If you feel moved to tweet, we have also started the hashtag campaign #FixProjectServer– please tweet your comments with that hashtag to the Microsoft Project Twitter handle, @project.

We are committed to helping OnePager customers use our software in whatever way their business requires, even when it involves ruffling some feathers. Thank you for helping us persuade Microsoft to do the right thing for its customers. We’ll keep you posted!

This entry was posted in Microsoft Project Tips, OnePager 5.3 by Nathan Black. Bookmark the permalink.

About Nathan Black

Nathan Black was on the founding team of OnePager, joining as a beta tester in 2005. The product was exciting — the lack of paycheck, exciting in a different way.

So he went out into the world, working as a project manager, management consultant, and academic (he was most recently a research fellow in the Government Department at Harvard University). Everywhere he went, he saw a need for more and better project management, particularly by people who don’t call themselves project managers but end up filling that role on teams and ventures large and small.

In 2014, he returned to OnePager as Vice President of Solutions. His primary roles are (1) helping customers use OnePager more effectively and (2) developing new versions of the software. He is passionate about getting project visualization and reporting right, and eager to hear from project managers (in title or in reality) who feel the same way!

Nathan lives in Cambridge, Massachusetts with his wife Whitney. They enjoy classical music, the outdoors, and politics. E-mail him at nblack@onepager.com.

4 thoughts on “If You Use Microsoft Project Server or Project Online, You May Be in Trouble. Here’s What to Do.

    • Thanks for the suggestion, Brian. The Microsoft product team seems also to be making this suggestion in their response to our petition. The problem with it is that many people create and work with their projects in Project Professional, and then migrate their data to Project Server. When working on the desktop, they put a lot of work into setting their Local Custom Fields correctly. When they migrate to Project Server, they do not want to go through the hassle of transcribing all this data into Enterprise Custom Fields. This not only takes time but also introduces the possibility of transcription errors. Furthermore, putting all the information into Enterprise Custom Fields only means it would not be available to them when they need to work offline. It seems to us like it would be better for everyone if Microsoft Project Server could just read Local Custom Fields, like most of our customers expect.
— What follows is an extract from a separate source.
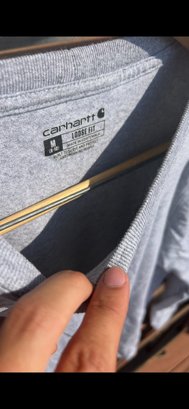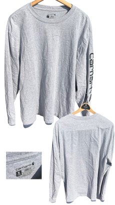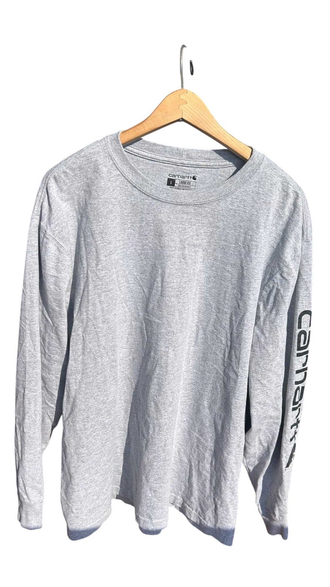 Loose-fit long sleeve in heather gray featuring Carhartt’s logo down the sleeve.

      • Well from a process standpoint they should likley think about starting their projects on the server and then they dont have to worry about any of that. They would also be able to report on that other data via the reporting database but everybody has their own way I guess.

        But in any case they only need to do it to ONE field, right? This reduces the issue I would think. They could even use a simple VBA routine to move the data for them when they move the project to the server.

        Also, Enterprise custom fields ARE available in enterprise projects when they are taken offline.

        Anyway, good luck.

        • Thank you for the correction, Brian! You are right that you can access Enterprise Custom Fields when bringing the files offline.

          Please note that we’re simply trying to keep our users’ experience as fluid as possible. Many of our customers use more than one Local Custom Field, so the effort to translate this data into other Enterprise Custom Fields could pile up.

          Our point of view is that, at a minimum, the Project users we support should not have functionality taken away from them with the introduction of new technology. Instead it should be enhanced.

          We very much appreciate your valuable time and willingness to weigh in on this matter.